◆ COLLECTED MATERIAL ◆
>>

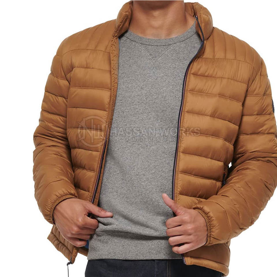 ผลิตจากวัสดุคุณภาพดี เสื้อแจ็คเก็ตพัฟเฟอร์ผู้ชายแบบคอตั้ง เป็นมิตรต่อสิ่งแวดล้อม ระบายอากาศได้ดี รับผลิตแบรนด์ส่วนตัว เสื้อแจ็คเก็ตลำลองสำหรับฤดูหนาว
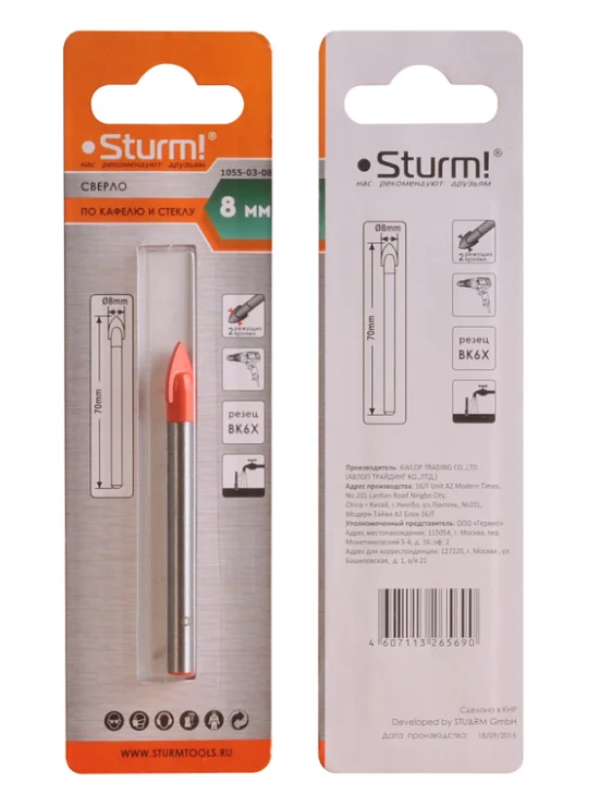 Сверло по стеклу и кафелю, 8мм, круглый хвостовик, 2 грани, Sturm! 1055-03-08
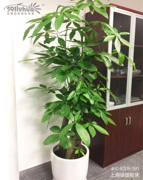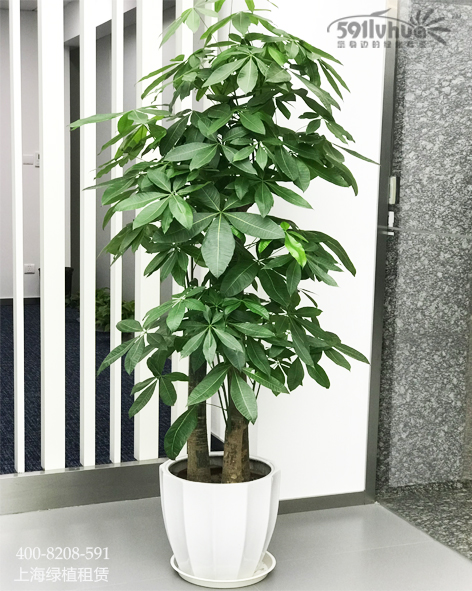 發(fā)財(cái)樹(shù)為常綠喬木,樹(shù)高可達(dá)10米左右。掌狀復(fù)葉互生,葉柄長(zhǎng)10~28厘米;小葉5~9枚,葉長(zhǎng)橢圓形、全緣,葉前端尖,長(zhǎng)約10~22厘米,羽狀脈,小葉柄短?;▎紊谌~腋,有小苞片2~3枚,花朵淡黃色。寓意著“生意興隆,財(cái)源滾滾”。
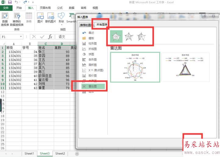 5、然后點(diǎn)擊“雷達(dá)圖”,選擇哪種帶數(shù)據(jù)標(biāo)記的雷達(dá)圖即可,之后再點(diǎn)擊“確定”。結(jié)果如圖所示。

<<

◆ WHAT IS BEING ASKED ◆
Full copy, no pictures: write out each line of the data exactly as it stands.

◆ SOLUTION FOR THIS TASK ◆
 ผลิตจากวัสดุคุณภาพดี เสื้อแจ็คเก็ตพัฟเฟอร์ผู้ชายแบบคอตั้ง เป็นมิตรต่อสิ่งแวดล้อม ระบายอากาศได้ดี รับผลิตแบรนด์ส่วนตัว เสื้อแจ็คเก็ตลำลองสำหรับฤดูหนาว
 Сверло по стеклу и кафелю, 8мм, круглый хвостовик, 2 грани, Sturm! 1055-03-08
 發(fā)財(cái)樹(shù)為常綠喬木,樹(shù)高可達(dá)10米左右。掌狀復(fù)葉互生,葉柄長(zhǎng)10~28厘米;小葉5~9枚,葉長(zhǎng)橢圓形、全緣,葉前端尖,長(zhǎng)約10~22厘米,羽狀脈,小葉柄短?;▎紊谌~腋,有小苞片2~3枚,花朵淡黃色。寓意著“生意興隆,財(cái)源滾滾”。
 5、然后點(diǎn)擊“雷達(dá)圖”,選擇哪種帶數(shù)據(jù)標(biāo)記的雷達(dá)圖即可,之后再點(diǎn)擊“確定”。結(jié)果如圖所示。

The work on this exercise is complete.